Animated Face Creation using Generative Adversarial Networks

A Computer Vision by Deep Learning Study

Group 24 - Frans de Boer, Haoran Xia, Jonathan Borg

Please feel free to view the poster here.

Data	DCGAN	WGAN
No Augmentation
Horizontal Flip


Interpolation between 2 random noise vectors

Introduction

Generative adversarial networks (GAN) are composed of two primary components, the generator, a neural network tasked with generating images appearing to be as ‘real’ as possible, and the discriminator, another neural network charged with determining if the supplied image is real or fake (i.e., generated by the other network). These two networks compete against each other to form a zero-sum game, where one agent’s gain is another agent’s loss.

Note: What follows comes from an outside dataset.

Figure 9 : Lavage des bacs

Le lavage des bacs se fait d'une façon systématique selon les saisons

Following the advancements of GANs in several fields, we decided to implement a model capable of generating animated faces. Even though such research is not new, as shown by the research “Towards the Automatic Anime Characters Creation with Generative Adversarial Networks” by Y. Jin et.al [1], we believe that different model architectures can yield stronger results.

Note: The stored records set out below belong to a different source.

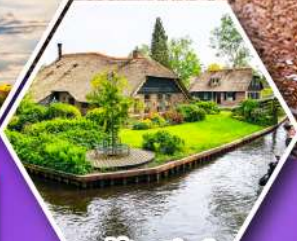
หมู่บ้านกังธูร์น
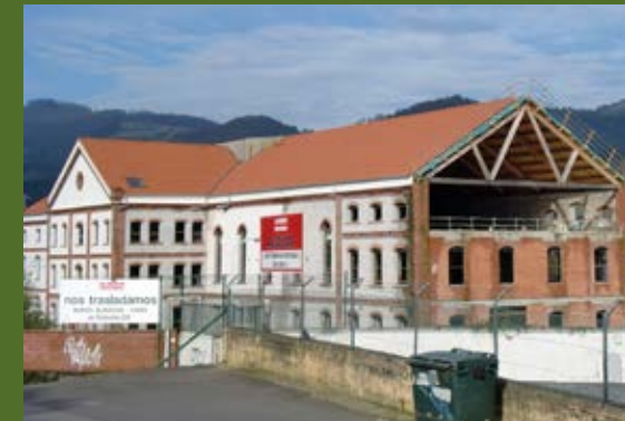
Centro "La Azucarera" de Pravia (Pravia) 4.542.000 €

MILES DE KILÓMETROS INAUGURADOS CIENTOS DE MILLONES GASTADOS DECENAS DE SENDAS ABANDONADAS
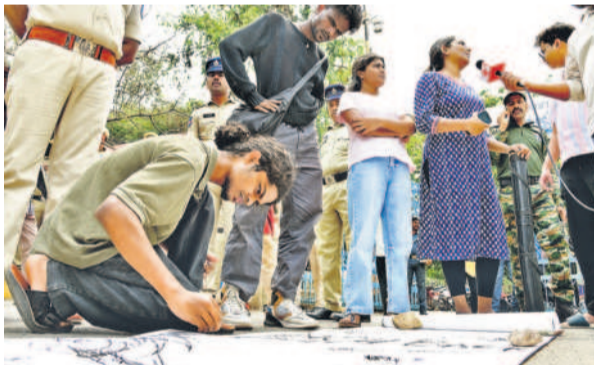
యానివర్సల్ వైవిధ్యాన్ని వర్ణిస్తూ బిట్రాలు వేస్తున్న విద్యార్థులు

వందలాది జింకలు, నెమళ్లు, కుండేళ్లు, ఇతర వన్యప్రాణులకు ఆవాసమైన ఈ భూముల్లో నిత్యం సంరక్షనానే ఉంటాయి. చిరుజల్లుల మొదలైనప్పుడు, వేసవి తాపాన్ని తట్టుకునేందుకు క్యాంపస్ ప్రాంగణంలో తిరుగుకుంటూయని విద్యార్థులు పెట్టొచ్చారు. కానీ ప్రభుత్వం మాత్రం టీజీఐఎస్ భూములకు సమీపంలో ఎక్కడా కూడా వన్యప్రాణుల సంవారం లేదని వాదిస్తోంది. అదివారం రాత్రి చేపట్టిన లెవలింగ్ పనులతో ఇబ్బందికి గురైన వన్యప్రాణుల హాళికారాలు సోషల్ మీడియాలో చక్కర్లు కొడుతూనే ఉన్నాయి. దూసుకుపోతున్న బుల్డోజర్ తమ ప్రాణాలకు ప్రమాదం పొంది ఉందనీ మూగజీవాలు గజగజ వణుకుతున్నాయి. ప్రభుత్వం మాత్రం ఆ భూములను రాక్షసేందుకు ఉన్నది లేనట్లుగా.. లేనిది ఉన్నట్లుగా ప్రకటనలు చేసి వన్యప్రాణులను అరిగోసే పెడుతోందని పర్యావరణ వేత్తలు ఆందోళన వ్యక్తం చేస్తున్నారు.

Apart from the model generation, ample tests, such as different model architectures and different datasets with diverse animation styles, were conducted to develop a robust and stable model.

Therefore, we set out to create a GAN capable of generating animated faces based on the data set provided during training (usually specific to a particular drawing style - cartoon or anime). In the following sections, we illustrate and explain how this was set up, the architectures used, and the data supplied—followed by all the experiments to evaluate and compare our model.

Technical Background

GANs

Our implemented models are all based on the GAN [2] architecture. GANs are frameworks used for learning the training data’s distribution such that new data can be generated from learned distribution.

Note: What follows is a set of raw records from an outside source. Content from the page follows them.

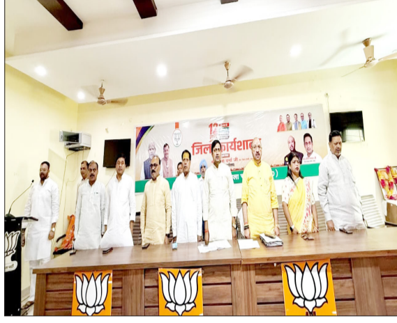
कार्यक्रम के दौरान मंच पर मौजूद मुख्य अतिथि, जिलाध्यक्ष।

की वैश्विक प्रतिष्ठा को नई ऊंचाइयों तक पहुंचाने का कार्य मोदी सरकार ने किया है। पार्टी कार्यकर्ताओं का दायित्व है कि
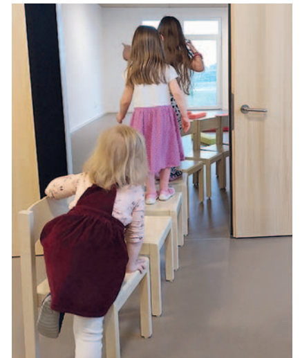
Finden spielerisch den Weg in die Kita: Bald besuchen 80 Kinder das Rettichnest.
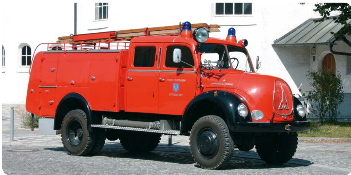
Ein aktuelles Bild, fast im originalen Zustand. Wieder auf schwarze Kotflügel umlackiert, präsentiert sich der Oldtimer in der Form, die er bis Mitte der 1970er Jahre hatte.

Der 16. August 1958 war für die Feuerwehr und die junge Gemeinde Ottobrunn ein historischer Tag. Sie holte ihr erstes, neu beschafftes Einsatzfahrzeug beim Hersteller Magirus in Ulm ab. Zuvor bestand der Fuhrpark der Wehr immer aus gebrauchten erworbenen Fahrzeugen.
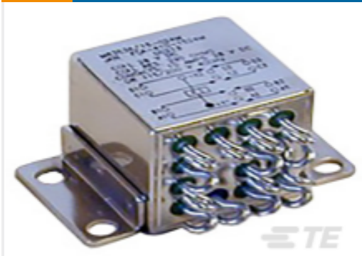
TE 产品编号 5-1617785-7 FCA-410-1521L=M83536/15-021L

A GAN consists of two key components, a generator and a discriminator. The generator is tasked with generating ‘fake’ data (images) that look similar to the real (training) images, while the discriminator tries to classify an image as either real or fake (generated). These two components are trained in an adversarial way such that the generator tries to ‘outsmart’ the discriminator by generating more realistic ‘fake’ images, while the discriminator tries to better classify whether its given input is real or fake.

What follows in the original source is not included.